Hey guys....last year in San Francisco we dug a true Hollister gravitator. I never did determine how many examples are known to collectors, but I can't see there being more than two or three ?????????


----------



## kastoo (Dec 26, 2008)

Nice digs!  Is that little milk you call junk embossed?


----------



## VA is for Diggers (Dec 27, 2008)

Aloha, those aqua hutches look nice! I have not dug a hutch in a while now. At least they made those bottles thick.


----------



## bigbadhonu (Dec 27, 2008)

Hey caldigs,
 That hollister is a really nice bottle.
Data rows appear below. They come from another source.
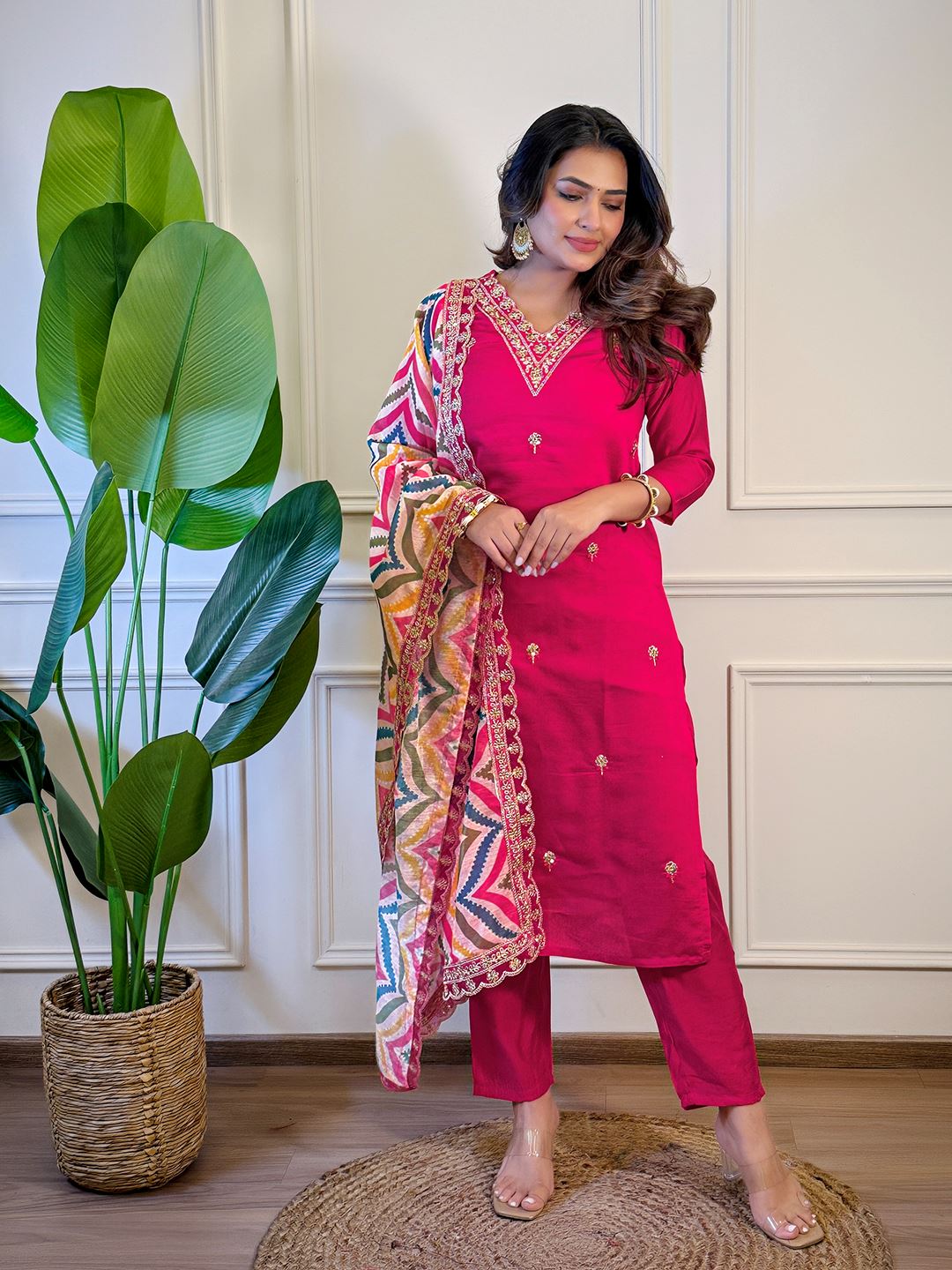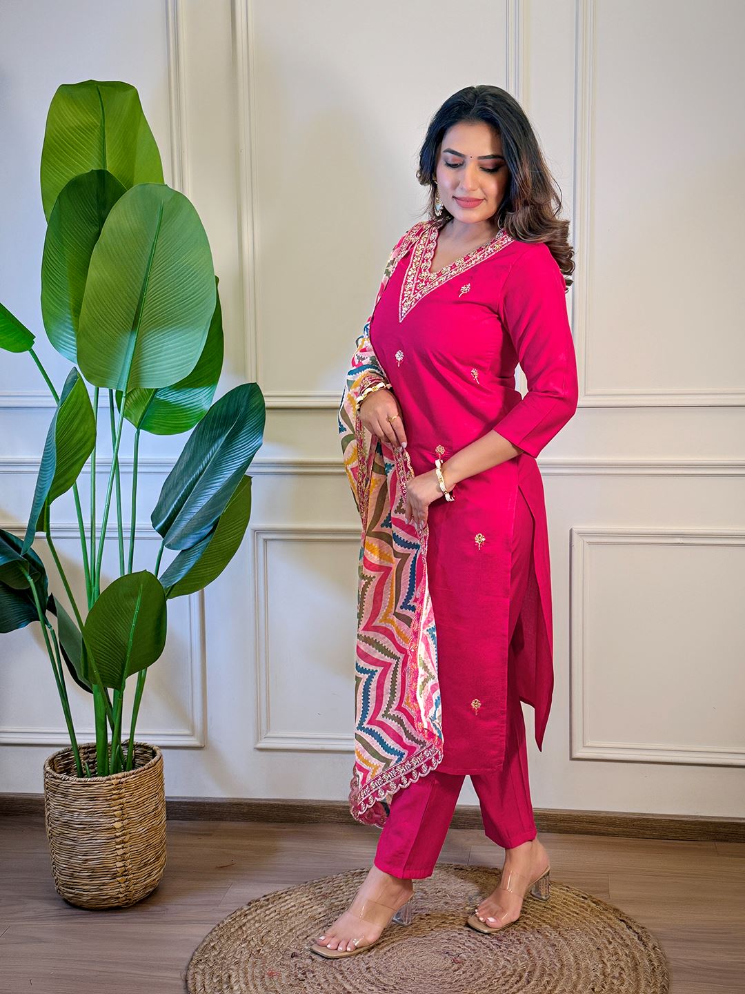 The coordinating viscose pants ensure comfort and ease of movement, while the matching silk blend dupatta lends a luxurious finish with its gentle sheen and soft drape. Together, this trio creates an effortlessly graceful ensemble that’s ideal for poojas, small functions, family gatherings, or casual festive wear.
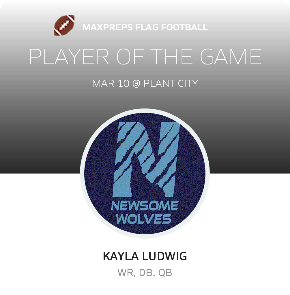 Congratulations to #13 Kayla Ludwig for being selected the Newsome Girls Flag Football Player of the Game.
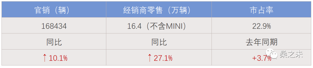 一季度,宝马经销商零售量为17.1万辆,同比增长27.8%。一季度宝马市占率为23%,同比增长3.7个点。
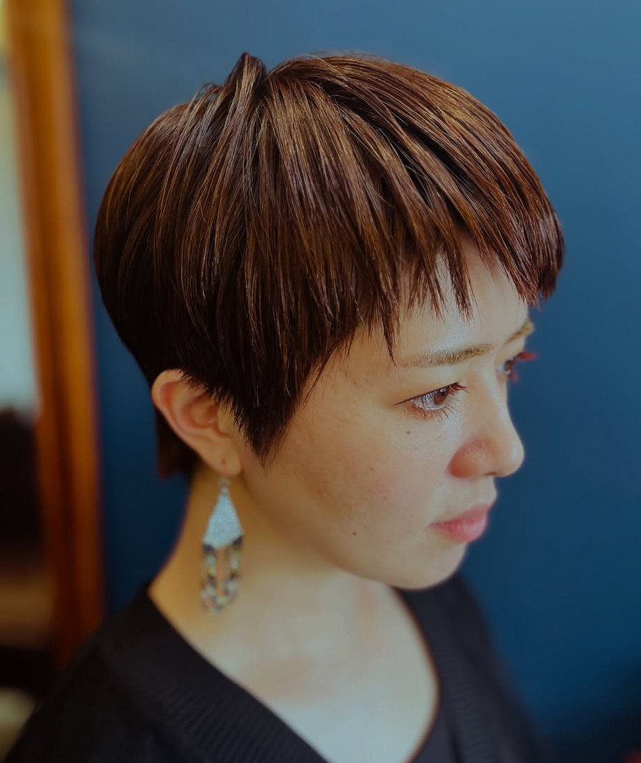 This is so adorable! Part pixie, part bowl cut, the imperfect styling reveals a spunky personality. Ask your stylist for blunt cut bangs, cute short sideburns and longer hair tousled on top. When hair is short, your face becomes the star, so experiment with fun, colorful makeup.

Could you post some pic`s so that we can all drool...LOL


----------



## bigbadhonu (Dec 27, 2008)

Hello 50 state,
 You got any hawaii gin`s or whiskeys that you wanna sell?


----------



## 808 50th State (Dec 28, 2008)

Aloha everyone, thanks for the comments, I haven't dug in a while busy working, final had some time to dig, knew about this location that no one else knows about, final was able to hit the virgin grounds and scored pretty good, had a lot of un-embossed bottles, the newer stuff and final hit the older bottles, the older bottles was pretty sick in glass, my friends who tumbles bottles are cleaning it for me, I will try to post some picture of the result of the cleaned up bottle, thanks earl


----------



## 808 50th State (Jan 5, 2009)

Got back the Hollister squat today from my friend who is tumbling my bottles, I was total stoked out on how nice the squat came out, here's a picture of the squat


----------



## bigbadhonu (Jan 5, 2009)

Wow Earl,
 That`s beautiful from what it was before.Great find buddy.Aloha,Kip


----------



## Digger George (Jan 5, 2009)

Tubular finds! I wish I was diggin bottles in paradise.


----------



## kalai (Jan 7, 2009)

Hi Earl, Great finds, I hope you got em all, aloha.

 Chris


----------



## 808 50th State (Jan 7, 2009)

Thanks Chris, you guys are still more lucky up the Big Island, in another 10 more years, there will be no more places to dig on Oahu, I know some places where there is bottles but you probably get arrested if you dig there, still looking for a nice amethyst Waialua like the one you dug, one day, aloha earl


----------



## kalai (Jan 7, 2009)

Hi Earl, it looks like I will be going to Oahu on Friday, where is a good place to find bottles for sale, I heard of Antique Alley, how far from the airport is that?  Aloha.

 Chris


----------



## caldigs (Jan 8, 2009)

Here is the gravitator we dug last year. It brought $3,500 on eBay so I can't say I was sad to let go of it !


----------



## 808 50th State (Jan 8, 2009)

Chris, antique alley is close to the Ala Moana shopping center it on Kapiolani walking distance from the shopping center, they open usually after 12 pm, the number is 941 8551, another place is Leeward Gold Exchange in Aiea, they have quite a few Hawaiian sodas, jins, whiskey and milks, the owners name is Dwight, 488 9885, antique alley prices are a little high but you can make deals, Leeward Gold exchange is a little cheaper and you can also make deals, I hope this helps. aloha earl


----------



## 808 50th State (Jan 8, 2009)

Caldigs, wow nice bottle, I know the new owner of that bottle, the gravitating Hollister bottle is quite rare, according to the Hawaiian Bottle Book of Long Ago, they are 5 or less know bottles and what is so unique is that none has ever been dug here in Hawaii, thanks for sharing the picture, my friend who bid on that bottle and won. told me that it was one of those that he had to have, thanks for sharing earl


----------



## kalai (Jan 9, 2009)

Hi Earl, thanks for the info, I will check them out.
 Hi Caldigs, I saw your bottle sell on ebay that is a good one, I recently sold a Arctic Soda from Honolulu on ebay for $1700, aloha.

 Chris


----------



## bottlediggerfromdapa (May 26, 2009)

Eh......wasnt dat da late frank roza`s artic dat u wen sell....He must be turning in his grave.god rest his soul


----------



## bottlediggerfromdapa (May 27, 2009)

dats another one


----------